The Gayatri mantra is traditionally whispered into the right ear of a young Brahmin boy in the thread ceremony known as Yagnopavitam or Upanayanam, which is one of the rites of passage followed by Brahmins. Yagnopavitam has three threads (actually only one thread, folded three times and tied together) each consisting of three strands. These threads represent
Gayatri (Goddess of mind), Saraswati (Goddess of speech) and Savitri (Goddess of deed). In addition, this mantra is repeated during daily prayers performed by many Hindus three times a day, while facing the sun: at sunrise, at noon and at sun set. It is also common to recite the Gayatri as part of a havan, or to recite it in a collective way in temples or homes. During Yagna and Havans also, Gayatri is chanted to produce positive sound energy which interacts with the energy of the heat being produced by the flames, so to produce desirable effects.

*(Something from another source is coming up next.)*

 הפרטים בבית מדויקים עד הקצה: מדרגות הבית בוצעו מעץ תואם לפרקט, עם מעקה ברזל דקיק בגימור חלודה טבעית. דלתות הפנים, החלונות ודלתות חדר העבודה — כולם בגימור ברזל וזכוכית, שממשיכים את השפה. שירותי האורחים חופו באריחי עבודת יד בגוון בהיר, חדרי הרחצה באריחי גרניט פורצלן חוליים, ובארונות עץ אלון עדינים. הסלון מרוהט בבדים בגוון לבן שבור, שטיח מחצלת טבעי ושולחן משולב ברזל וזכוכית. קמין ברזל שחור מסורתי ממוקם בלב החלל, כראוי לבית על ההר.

The first part of the Gayatri mantra, 'Aum bhur bhuvah svaha', which we mentioned at the beginning as not technically a part of the mantra, is called Vyahriti or the 'great utterance.' This mantra is repeated not only in conjunction with the Gayatri mantra, but also separately during havans or fire ceremonies. The word Aum is an auspicious sound made at the beginning of many prayers, which represents the Cosmic Being. The expression bhur bhuvah and svah is technical, but a simple way to think of it is as a ' call to creation,' that the light of the sun (the light of the Divine Supreme Being) shines on the earth (bhur), in the sky (bhuvah), and in space (svah), and therefore the implication is, ' let that light also shine on me.' The word is Bhur means where we are – Bhu-loka – the world of our experience.

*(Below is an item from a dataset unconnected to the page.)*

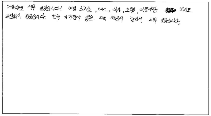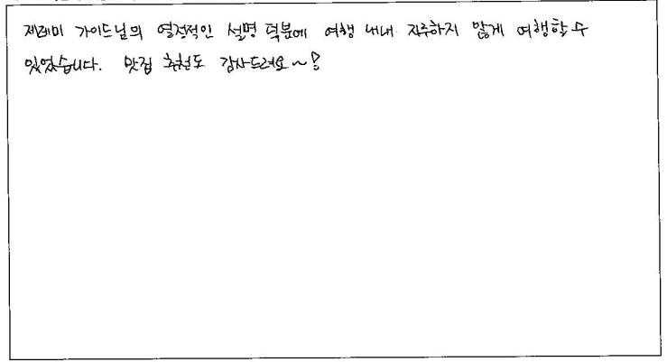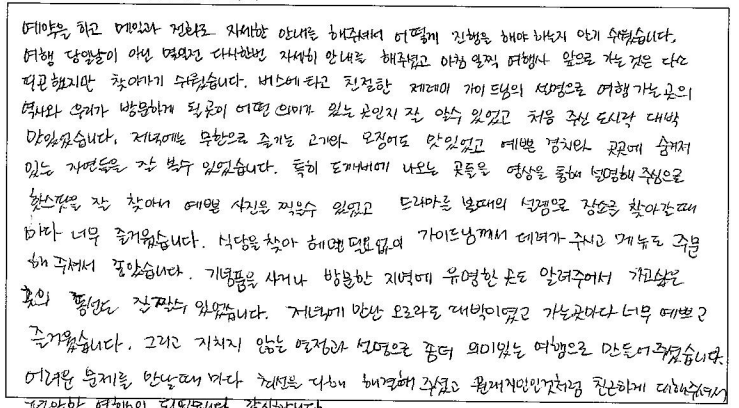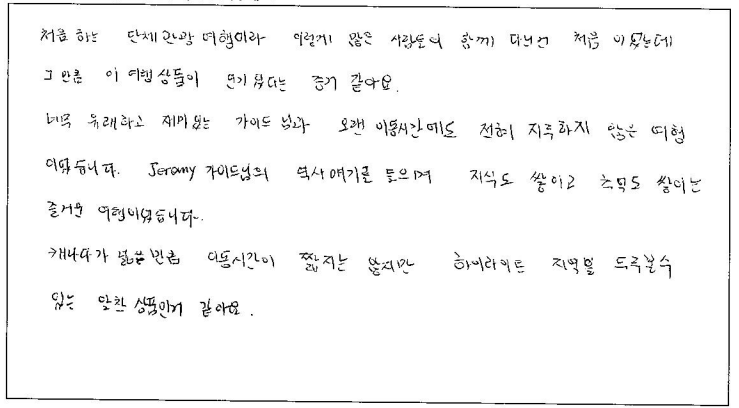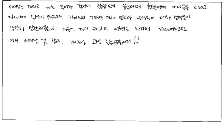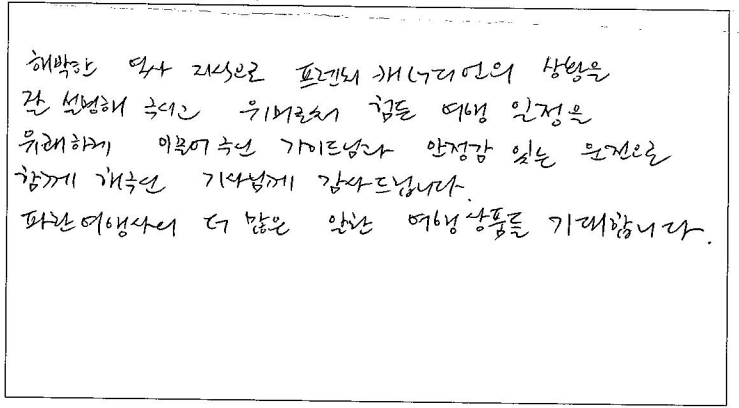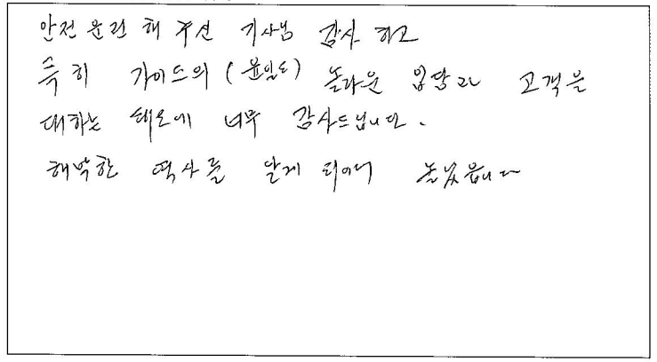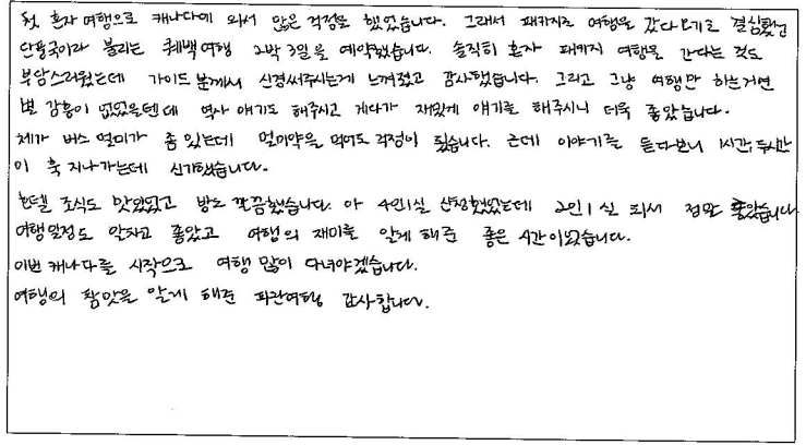 ![]() 밴쿠버에 아이들이 있어 한국에 돌아가기 전 토론토 여행을 하고 가기로 했습니다. 파란여행을 통해서 한 이 여행 너무 만족하고 갑니다. 여행상품 상담, 식사, 호텔, 특히 가이드님, 설명 너무 재미있고, 유익했습니다. 나중에 기회가 되면 파란여행 통해서 여행하고 싶습니다. ![]() 안전운전해주신 기사님 감사하고 특히 가이드님의 놀라운 입담과 고객을 대하는 태도에 너무 감사드립니다. 해박한 역사를 알게 되어서 좋았습니다. ![]() 개인적으로 너무 좋았습니다! 여행 스케쥴, 가이드, 식사, 호텔, 이동수단 하나도 빠짐없이 좋았습니다. 한국 가기전에 좋은 추억 쌓은 거 같아서 너무 좋았습니다. ![]() 해박한 역사 지식으로 프렌치 캐네디언의 상황을 잘 설명해주시고 유머로 힘든 여행 일정을 유쾌하게 이끌어주신 가이드님과 안정감 있는 운전으로 함께 해주신 기사님께 감사드립니다. 파란여행의 더 많은 알찬 여행상품을 기대합니다. ![]() 아이들을 데리고 하는 투어가 걱정이 많았는데 음식이며 호텔이며 아이들을 데리고 다니기에 손색이 없었다. 가이드의 캐나다 역사 설명과 관광지에 대한 설명들이 상당히 만족스러웠다. 다음에 다시 캐나다 여행을 한다면 파란여행으로 다시 여행할 것 같다. 가이드님 고생 많으셨습니다! ![]() 처음하는 단체관광 여행이라 이렇게 많은 사람들이 함께 다닌 건 처음이었는데 그 만큼 이 여행상품이 인기있다는 증거 같아요. 너무 유쾌하고 재미있는 가이드님과 오랜 이동시간에도 전혀지루하지 않은 여행이었습니다. 가이드님의 역사얘기를 들으며 지식도 쌓이고 추억도 쌓이는 즐거운 여행이었습니다. 캐나다가 넓은 만큼 이동시간이 짧지는 않지만 하이라이트 지역을 두루볼 수 있는 알찬 상품인거 같아요. ![]() 처음 혼자 여행으로 캐나다에 와서 많은 걱정을 했었습니다. 그래서 패키지로 여행을 갔다오기로 결심했었습니다. 단풍국이라 불리는 퀘벡여행, 2박3일을 예약했습니다. 솔직히 혼자 패키지 여행을 간다는 것도 부담스러웠는데 가이드분께서 신경써시는게 느껴졌고 감사했습니다. 그리고 그냥 여행만 하는거면 별 감흥이 없었을텐데 역사 이야기도 해주시고 게다가 재미있게 얘기를 해주시니 더욱 좋앗습니다. 제가 버스 멀미가 조금있는데 멀미약을 먹어도 걱정이 됐습니다. 근데 이야기를 듣다보니 1시간 2시간이 훅 지나가는게 신기했습니다. 호텔 조식도 맛있었고 방도 깔끔했습니다. 4인 1실 신청했었는데 2인 1실되서 정말 좋았습니다. 여행일정도 알차고 좋았고 여행의 재미를 알게해 준 좋은 시간이었습니다. 이번 캐나다를 시작으로 여행 많이 다녀야겠습니다. 여행의 참맛을 알게 해준 파란여행 감사합니다. ![]() 예약을 하고 메일과 전화로 자세한 안내를 해주셔서 어떻게 진행을 해야 하는지 알기 쉬웠습니다. 여행 당일날이 아닌 몇일전 다시 한 번 자세히 안내를 해주셨고 아침 일찍 여행사 앞으로 가는 것은 다소 피곤했지만 찾아가기 쉬웠습니다. 버스에 타고 친절한 가이드님의 설명으로 여행가는 곳의 역사와 우리가 방문하게 될 곳이 얻너 의미가 있는 곳인지 잘 알 수 있었고 처음 주신 도시락 대박 맛있었습니다. 저녁에는 무한으로 즐기는 고기와 오징어도 맛있었고 예쁜 경치와 곳곳에 숨겨져있는 자연들을 잘 볼 수 있었습니다. 특히 도깨비에 나오는 곳들은 영상을 통해 설명해주심으로 핫스팟을 잘 찾아서 예쁜 사진을 찍을 수 있었고 드라마를 볼때의 설렘으로 장소를 찾아갈 때 마다 너무 즐거웠습니다. 식당을 찾아 헤멜 필요없이 가이드님께서 데려가 주시고 메뉴도 주문해 주셔서 좋았습니다. 기념품을 사거나 방문한 지역에 유명한 곳도 알려주어서 가고싶은 곳의 동선도 잘 짤수 있었습니다. 저녁에 만난 오로라도 대박이었고 가는 곳마다 너무 예쁘고 즐거웠습니다. 그리고 지치지 않는 열정과 설명으로 조금 더 의미있는 여행으로 만들어 주셨습니다. 어려운 문제를 만날때 마다 최선을 다해 해결해주셨고 원래 지인인것처럼 친근하게 대해주셔서 편안한 여행이 되었습니다. 감사합니다. ![]() 날씨 빼고 모든게 완벽했던 퀘벡여행이었어요 아름다운 캐나다의 자연과 역사를 눈과 마음에 담아갑니다. 가이드님의 세심한 케어와, 너무나 재밌고 귀에 쏙쏙들어오는 이야기에 버스에서의 시간도 알차게 잘 보냈습니다. ![]() 가이드님의 열정적인 설명 덕분에 여행내내 지루하지 않게 여행할 수 있었습니다, 맛집 추천도 감사드려요~! |

The technical explanation of Vyahriti has to do with subtle practices of meditational yoga. This earth is simply one of many planes of existence. In fact, above this earth according to Hindu philosophical thought there are six higher planes, heavens as it were. Including this earth, there are seven planes up (heavens) and seven planes down, or underworld regions below this earth. The earth is in the middle. If you have ever heard the expression, ' seventh heaven' , this is simply a reference to the Hindu philosophy of heavens. The seventh heaven is the highest heaven. The first three of these planes starting with the earth are called bhur, bhuvah and svah. The utterance bhur bhuvah svah, therefore, refers to the first three subtle planes of existence that may be reached in meditation by a yogi.
Gayatri mantra is generally thought of as being amongst the highest and most powerful mantras of all. In the Bhagavad Gita, Lord Krishna had proclaimed to Arjuna - 'Among all the mantras, I am the Gayatri '. The Upanishads also contain several references to this sacred mantra, claiming it to be based on the Supreme Truth. This mantra occupies a unique place in that it has both the power of mantra and of prarthana (prayer). Gayatri is a very sacred mantra, and if chanted wholeheartedly with devotion, one never suffers nor faces any difficulites in life.
Swami Vivekanand: Only that thing should be asked for from a king which befits his dignity. The only thing fit to pray from God is wisdom. God grants wisdom only to those with whom he is pleased. Wisdom makes a man go on the right path. Man gets all sorts of happiness by Sat Karmas. Gayatri Mantra is a Mantra for wisdom and hence it is called the crown of all Mantra.